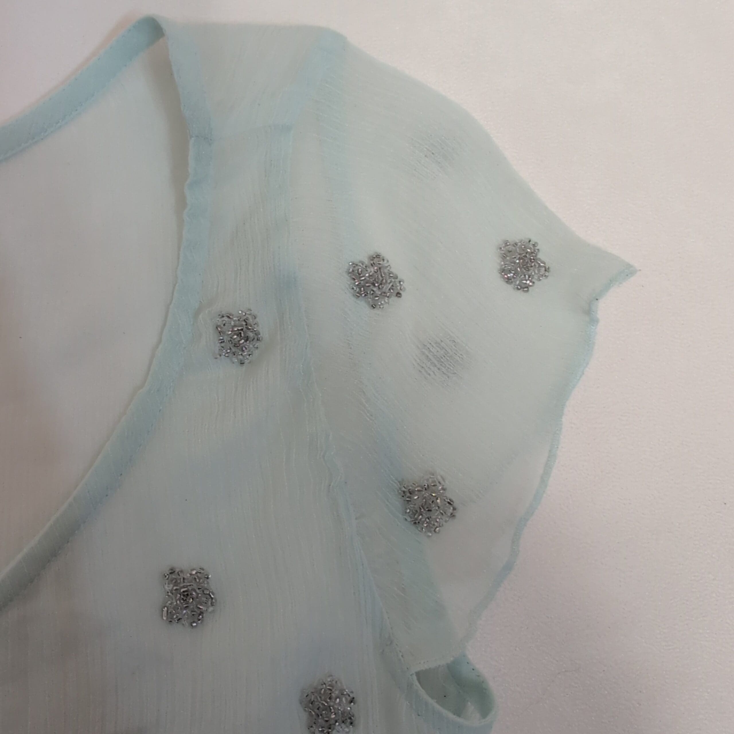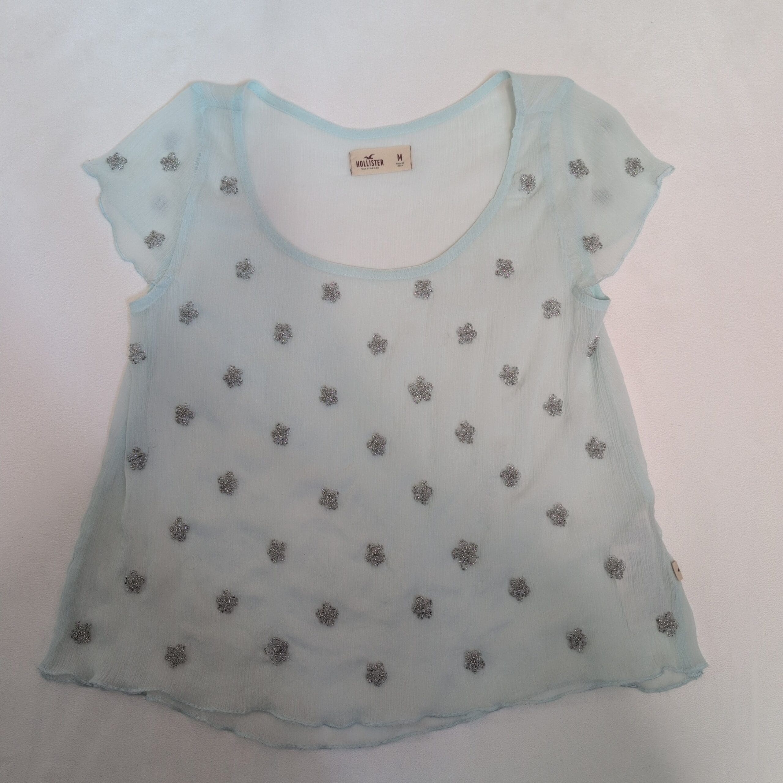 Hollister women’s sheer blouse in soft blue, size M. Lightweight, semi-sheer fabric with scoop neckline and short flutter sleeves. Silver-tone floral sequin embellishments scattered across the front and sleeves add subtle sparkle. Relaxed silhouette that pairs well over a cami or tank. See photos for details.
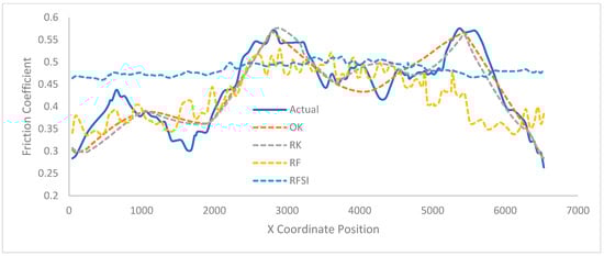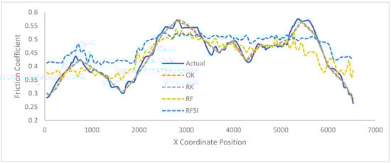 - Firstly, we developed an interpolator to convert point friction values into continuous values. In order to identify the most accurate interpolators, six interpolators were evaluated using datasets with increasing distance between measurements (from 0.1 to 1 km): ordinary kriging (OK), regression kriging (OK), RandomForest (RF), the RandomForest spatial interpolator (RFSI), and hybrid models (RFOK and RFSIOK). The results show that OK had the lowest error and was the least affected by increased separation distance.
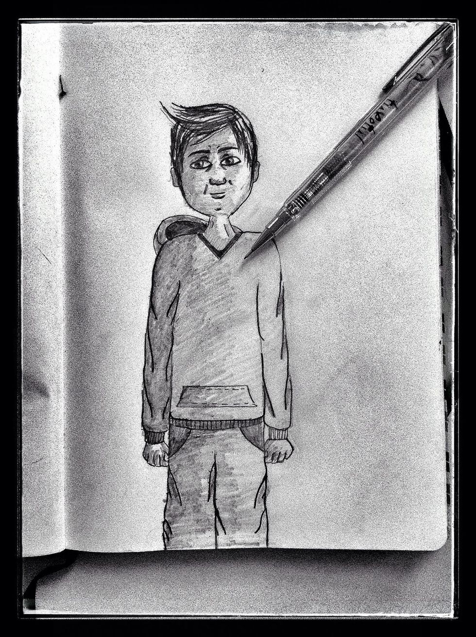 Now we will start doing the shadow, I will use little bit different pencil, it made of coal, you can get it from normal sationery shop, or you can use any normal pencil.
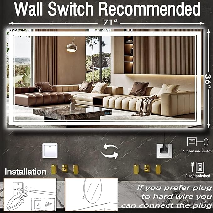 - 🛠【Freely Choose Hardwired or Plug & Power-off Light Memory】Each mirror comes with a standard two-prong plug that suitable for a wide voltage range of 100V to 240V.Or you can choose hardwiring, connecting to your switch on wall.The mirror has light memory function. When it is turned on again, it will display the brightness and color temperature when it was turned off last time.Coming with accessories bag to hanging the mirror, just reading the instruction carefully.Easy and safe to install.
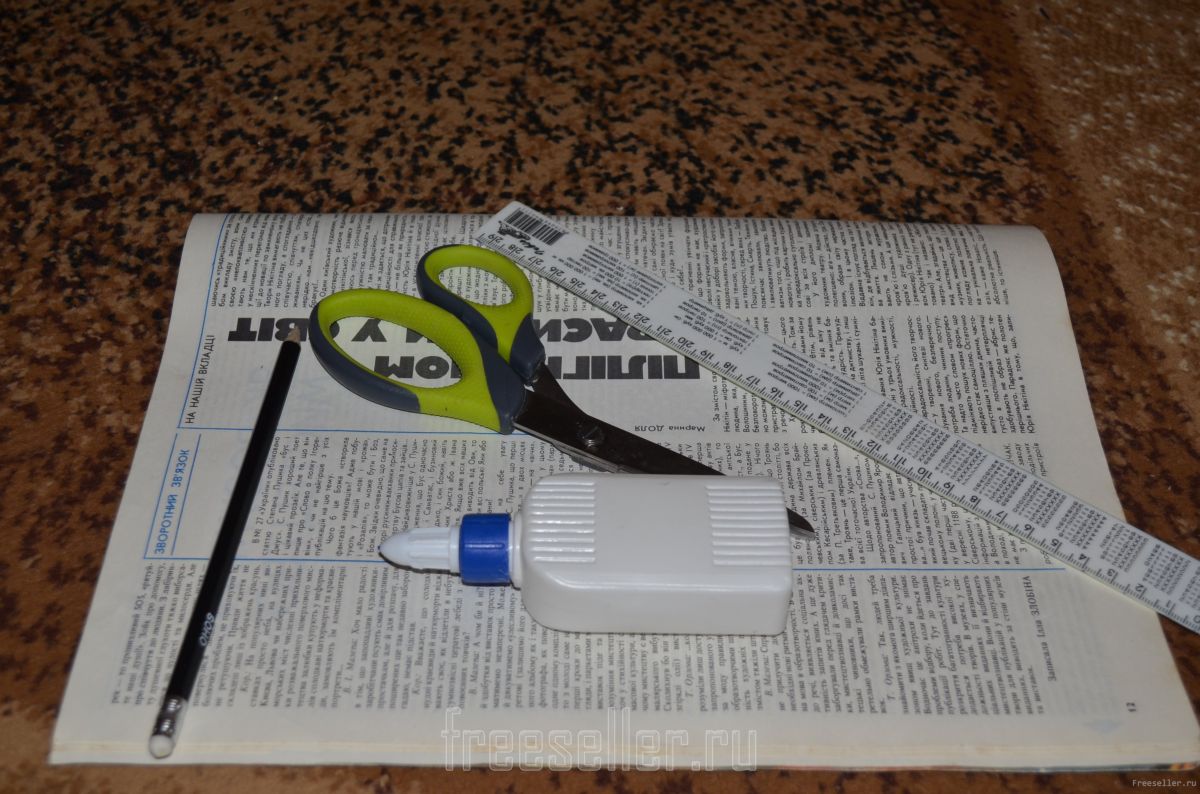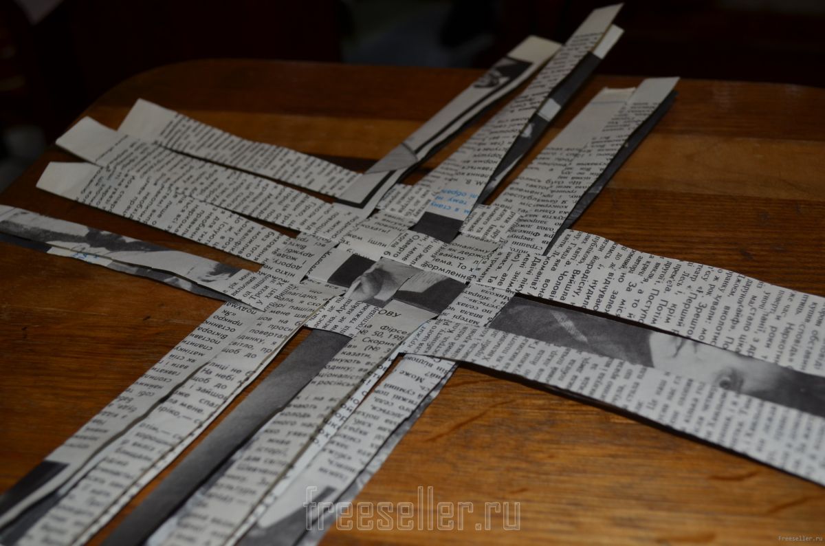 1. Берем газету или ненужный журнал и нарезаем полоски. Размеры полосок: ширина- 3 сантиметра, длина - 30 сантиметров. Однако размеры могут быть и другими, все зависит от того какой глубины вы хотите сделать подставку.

Assignment |
Exactly as written, set down each line of the records, leaving out the pictures.

Reply |
 Hollister women’s sheer blouse in soft blue, size M. Lightweight, semi-sheer fabric with scoop neckline and short flutter sleeves. Silver-tone floral sequin embellishments scattered across the front and sleeves add subtle sparkle. Relaxed silhouette that pairs well over a cami or tank. See photos for details.
 - Firstly, we developed an interpolator to convert point friction values into continuous values. In order to identify the most accurate interpolators, six interpolators were evaluated using datasets with increasing distance between measurements (from 0.1 to 1 km): ordinary kriging (OK), regression kriging (OK), RandomForest (RF), the RandomForest spatial interpolator (RFSI), and hybrid models (RFOK and RFSIOK). The results show that OK had the lowest error and was the least affected by increased separation distance.
 Now we will start doing the shadow, I will use little bit different pencil, it made of coal, you can get it from normal sationery shop, or you can use any normal pencil.
 - 🛠【Freely Choose Hardwired or Plug & Power-off Light Memory】Each mirror comes with a standard two-prong plug that suitable for a wide voltage range of 100V to 240V.Or you can choose hardwiring, connecting to your switch on wall.The mirror has light memory function. When it is turned on again, it will display the brightness and color temperature when it was turned off last time.Coming with accessories bag to hanging the mirror, just reading the instruction carefully.Easy and safe to install.
 1. Берем газету или ненужный журнал и нарезаем полоски. Размеры полосок: ширина- 3 сантиметра, длина - 30 сантиметров. Однако размеры могут быть и другими, все зависит от того какой глубины вы хотите сделать подставку.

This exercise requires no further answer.